The pandemic has ravaged many businesses. But hey, why stop there?
Vancouver council has a mind to go further.
No joke: It has asked the province to explore granting it permission to tax . . .
Wait for it . . .
Empty stores.
Just when you thought you could never cure the local merchant misery, along comes the prescription: when a business fails and leaves the landowner to carry the mortgage, or when a property is bought and not suitably and swiftly occupied, Vancouver would impose a tax if the place remained vacant.
Thus the mayor and six councillors (two opposed, two were absent for the vote) are asking the like-minded NDP provincial government to examine the concept with an aim to grant municipal tax privileges under the Vancouver Charter.
Mayor Kennedy Stewart, bearing absolutely no evidence to support his theory, suggests there are “speculators” out there who buy commercial properties, leave them empty, “and wait for them to deteriorate” as the land value increases so, the theory goes, they may be sold at a great profit and gutted. In a city where you have to be an idiot to lose money on real estate, his scheme requires a certain genius to make some.
The devils in the details – how long the vacancy would endure before the tax comes, how high it would be – are still sketchy, in keeping with business ideas emanating from city hall. But it is to wonder which landowner working in authority at Cambie and 12th might have thought this an inspired incentive.
To date, no one has been found.
For a few years now, the city’s Empty Homes Tax has been (besides a brazen tax grab, rising to five per cent of assessed value next year) a pointed stick applied to owners to rent their vacant properties in a residential market of minuscule vacancy.
There is no such problem with commercial property – indeed, there seems an unhealthy glut, thanks to that pesky pandemic among other things – yet the mayor asserts there are landlords in love with their stilled storefronts and enamoured even more with the solitary heroics of bearing a costly mortgage with no revenue against it.
To date, there too, no one has been found.

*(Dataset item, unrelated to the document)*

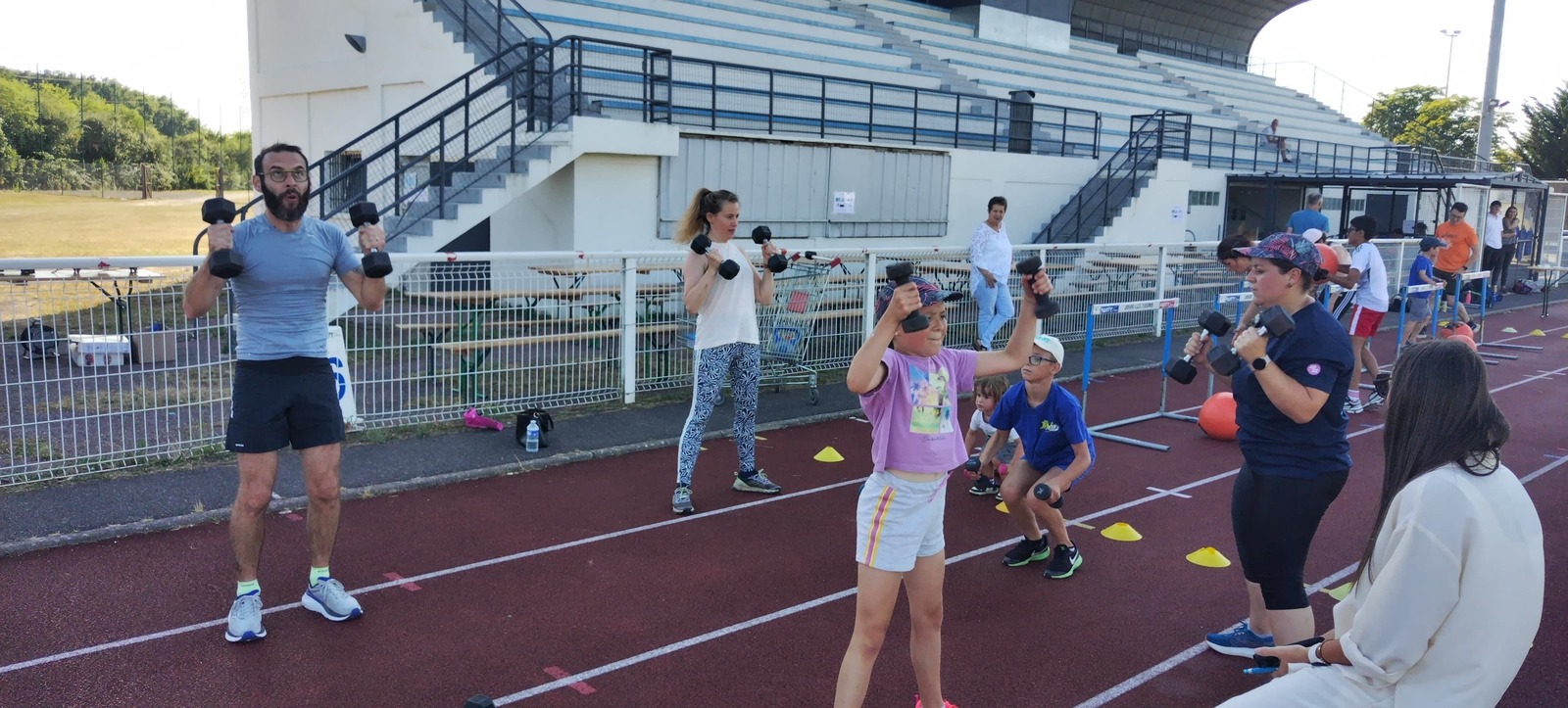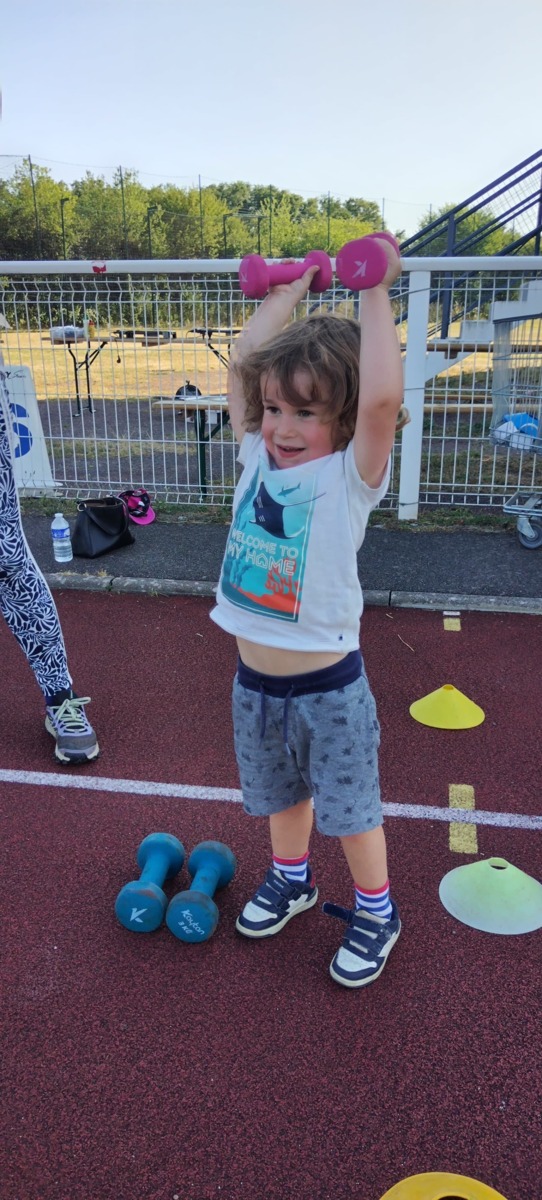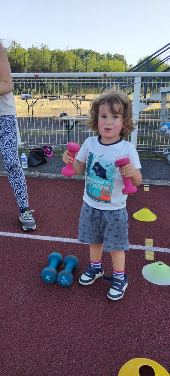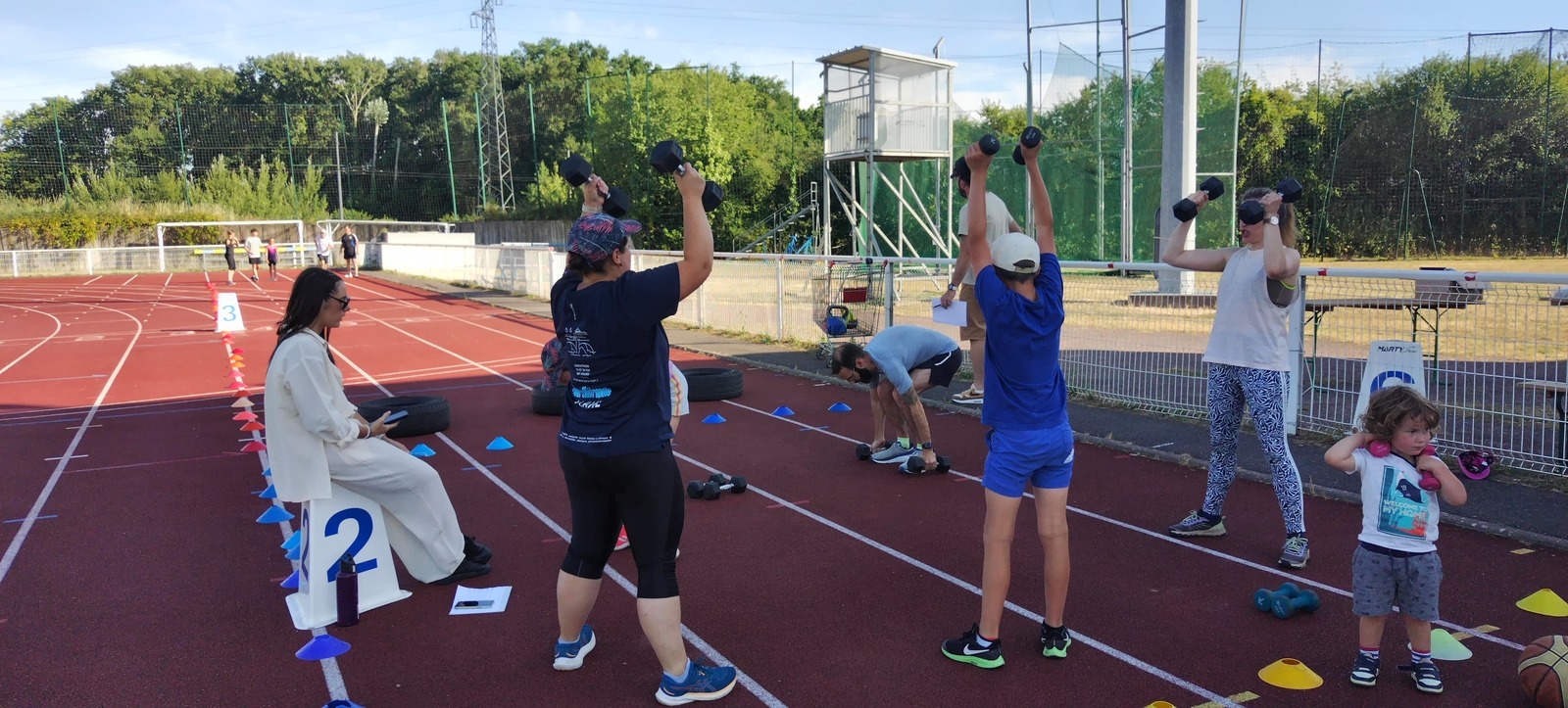 Noah a d'abord préparé un challenge sportif aux 25 participants âgés de 3 à 65 ans répartis en 5 équipes.

That pesky pandemic spurred more online shopping, less foot traffic, supply chain problems and a deepening of labour shortages, layering the challenges of successfully running a store in the city. This calls for help, not another heap of taxation. The empty-headed Empty Stores gambit is, in fact, a cruel prank that will not tempt new landlord-tenant leases to emerge from the woodwork or coax vivacious commerce on a deadened street.
If storefronts are empty, it is more likely due to the city’s other version of the Empty Stores Tax: the existing commercial tax rates, four times those of residential ones, with the imposition of that tax, and thus on the rents, on the “highest and best use” feasible of a building. It bears noting that eventually the consumer pays for this civic havoc.
A new tax would kick owners while they’re down with one hand tied behind their backs in a city of world-class expense that has no plan to deal with a rise in casual vandalism and consequence-free break-ins. Urban British Columbia mayors last week wrote the province begging for tougher treatment of repeat property crime offenders. In Vancouver, there are 40 “super-chronic” offenders with an average of 54 convictions amid a soaring growth in cases prosecutors bring to the courts in the revolving-door dance of crime, conviction, sentence and parole.
The point of owning a storefront is not to shutter it but to rent it, providing of course that city hall’s permitting crew will on occasion emerge from its induced coma so as not to impede planned improvements.
Taxes of this sort hardly ever solve problems and hardly ever fail to create some. They certainly don’t stimulate markets. But as the election campaign starts in earnest, the mayor is ticking the box on down-the-road initiatives to gather right-now support among the many voters with no skin in the game, whether as non-owners of commercial or residential property. These politics of division and class conflict are in his playbook as a pretense of social and economic justice. The mayor’s insistence that the tax wouldn’t apply to “good” landlords is the perfect dog whistle of this context.
Indeed, successive regimes have found it easy to stoke voter animus to homeowners perceived to be of ill-gotten riches who resist a suddenly densified district – or, with this latest version, landlords who hoard bereft buildings and sit on an incessantly enlarging pot of gold.
These are convenient villains for the saviour on the white horse at election time, and this and previous administrations have done well to convince enough people that a reckoning is theirs to claim, that the city can make housing affordable, deal a discernible impact on climate change, end systemic discrimination, make the streets safer with fewer police and earmark homelessness as a thing of the past.
Who wouldn’t want a city that aspires to and achieves all that? But look, to do it, we need some new taxes. How about an Empty Nest Tax when children move out to college, or an Empty Net Tax when I’m pulled as a beer league goalie for an extra attacker late in the game?
No? Fear not. To quote the late and great Jimmy Durante, I got a million of them. •
Kirk LaPointe is publisher and editor-in-chief of BIV and vice-president, editorial, of Glacier Media.